One significant difference between an Ethernet network and an LTE network is evident from the picture above. In LTE the link layer is point-to-point, the two nodes on the link being the PGW and the UE. The "interface identifier" part of an IPv6 address must be unique per link. The "subnet prefix" part of an IPv6 unicast address can be used to either identify the address as having link-only scope i.e. a link-local address, or, global scope i.e. a global unicast address.

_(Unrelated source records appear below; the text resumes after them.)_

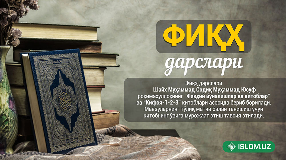 Фиқҳ дарслари Шайх Муҳаммад Содиқ Муҳаммад Юсуф роҳимаҳуллоҳнинг Фиқҳий йўналишлар ва китобларrdquo ва Кифоя123rdquo китоблари асосида бериб борилади. Мавзуларнинг давоми...
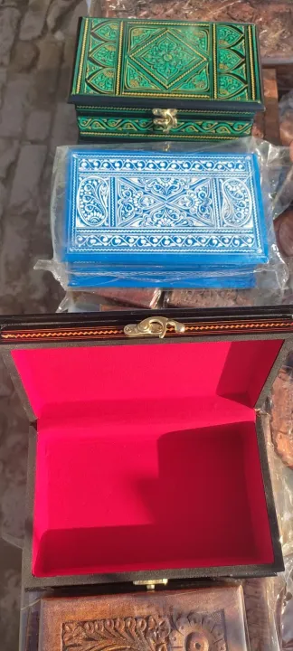 Handmade Wooden Jewelry Box with Colorful Naqshi Art - 8x5 Inches
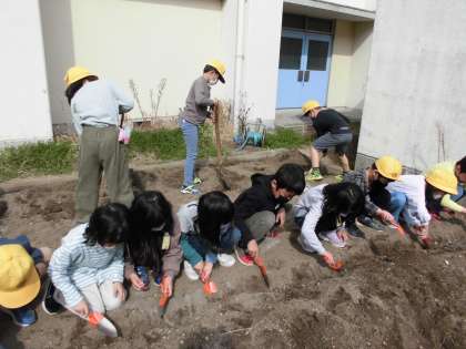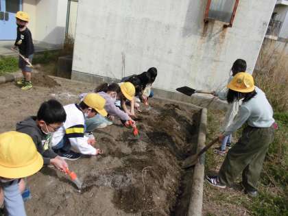 今日は、先日草抜きをした学習園に畝を作りました。みんな汗まみれで頑張りました。
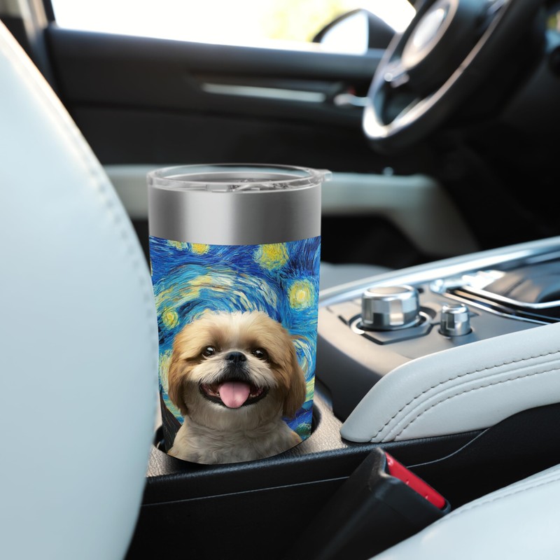 Shih Tzu Tumbler Starry Night Dog Water Bottle Travel Stainless Steel Insulated Tumbler
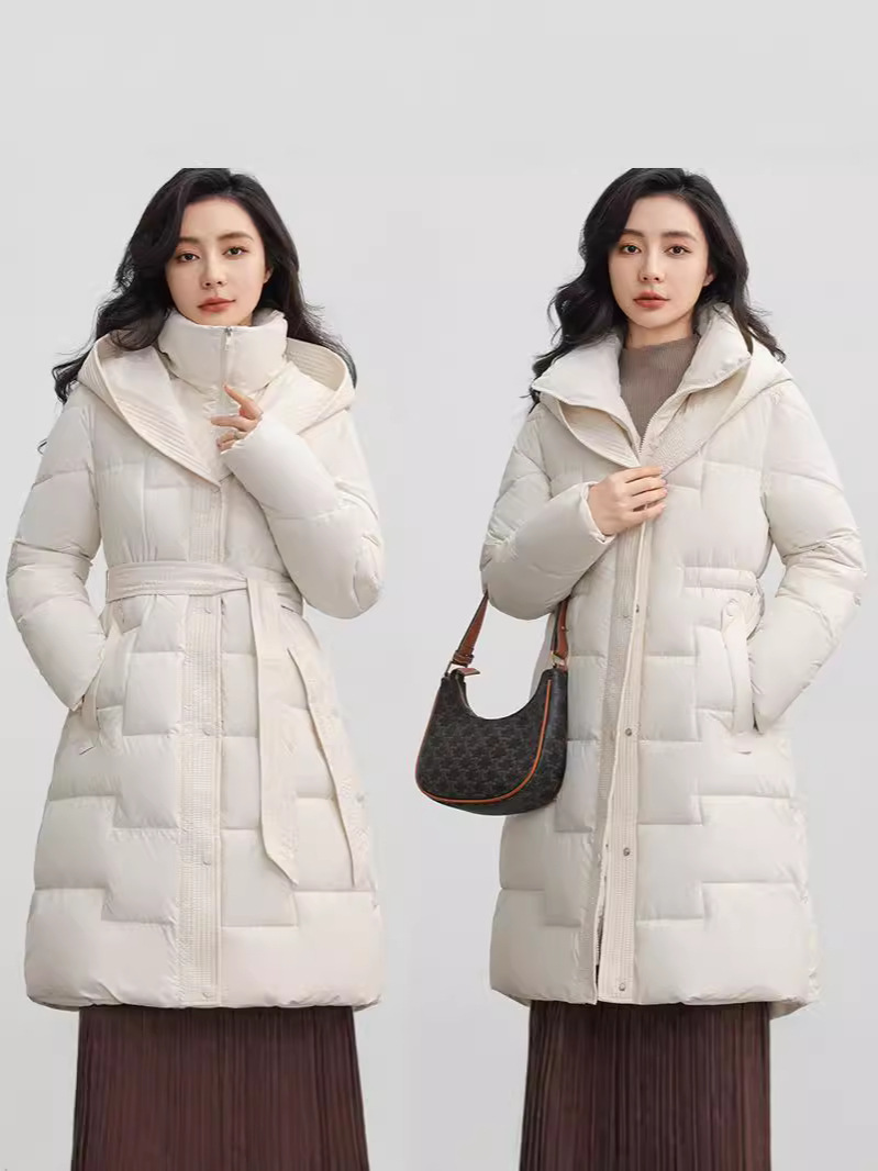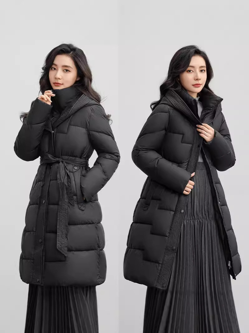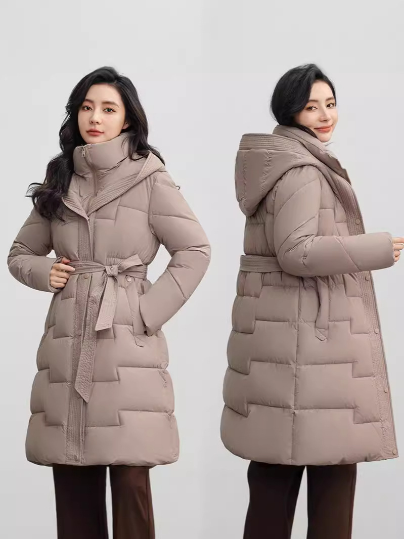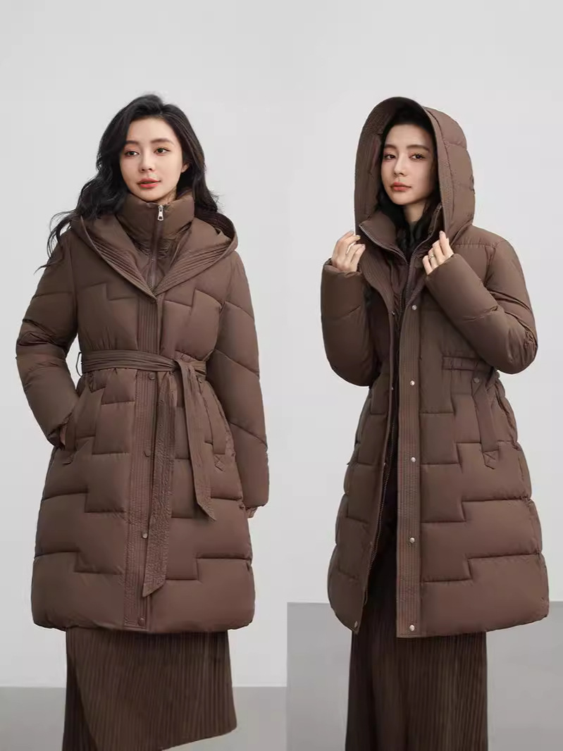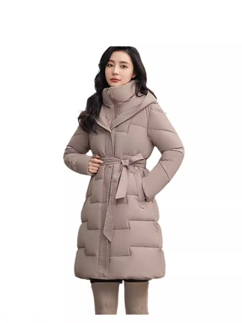 С капюшоном на талии шнуровка, пуховая хлопчатобумажная одежда, женский бутик новый средний и длинный зимний

IPv6 allows a node to automatically configure itself with an IP address. Every node will have a link-local address having link-only scope. The subnet prefix is the same for all link-local addresses, FE80::/10, and is specified in the IETF standard RFC4291. In an Ethernet network a node can configure its own link-local address by combining the link-local prefix with an interface identifier derived from its Ethernet address. It can use the linklocal address to communicate with all the other nodes on the same link. However, since there is a possibility that another node on the same link may have the same interface identifier and hence the same link-local IPv6

address, a procedure known as duplicate address detection (DAD) must be performed. In the LTE network, DAD is an undesirable complication and so to avoid having to perform it a link-local address is formed using an interface identifier sent to the UE by the PGW. The PGW will ensure it's unique and in any case the only other node on the link is the PGW itself. So, the link-local address in LTE is not very interesting or useful, but it's necessary in order to comply with the internet standards. The more important IPv6 address for LTE is the global unicast address. This has unlimited scope and is similar to an IPv4 public address. Again there are two parts to the address, a subnet prefix which is now a globally unique prefix and an interface ID. In the example Ethernet network shown above, the subnet prefix can be shared by the four PCs each of which will need to generate a unique interface ID on the link /subnet in order to form a 128 bit globally unique unicast address. In LTE, however, the PDN GW allocates to each individual UE a globally unique subnet prefix. The interface identifier, which is always 64 bits in LTE is created by the UE. It may use the same interface ID that the PGW sent during the Attach procedure but there is no obligation to use this one. In fact as a privacy feature the UE may change the interface ID at any time during the life of the connection without involving the network. The UE forms a 128 bit globally unique unicast address by combining the global subnet prefix and an interface ID. Since the subnet prefix is allocated to only one UE any interface ID it uses will suffice to ensure the global uniqueness of the full 128 bit address. In addition, there is no need for the UE to perform DAD. Below is a simplified message sequence showing how and when the two types of IPv6 addresses are configured in the UE. The link-local address is configured during the Attach procedure (or PDN Connectivity Request procedure). The global unicast address is auto configured with the help of ICMP messaging between the PGW and the UE.

To summarize, IPv6 address configuration in LTE includes generating a link-local address and then generating a global address via stateless address autoconfiguration. The duplicate address detection procedure to verify the uniqueness of these addresses is not necessary in LTE.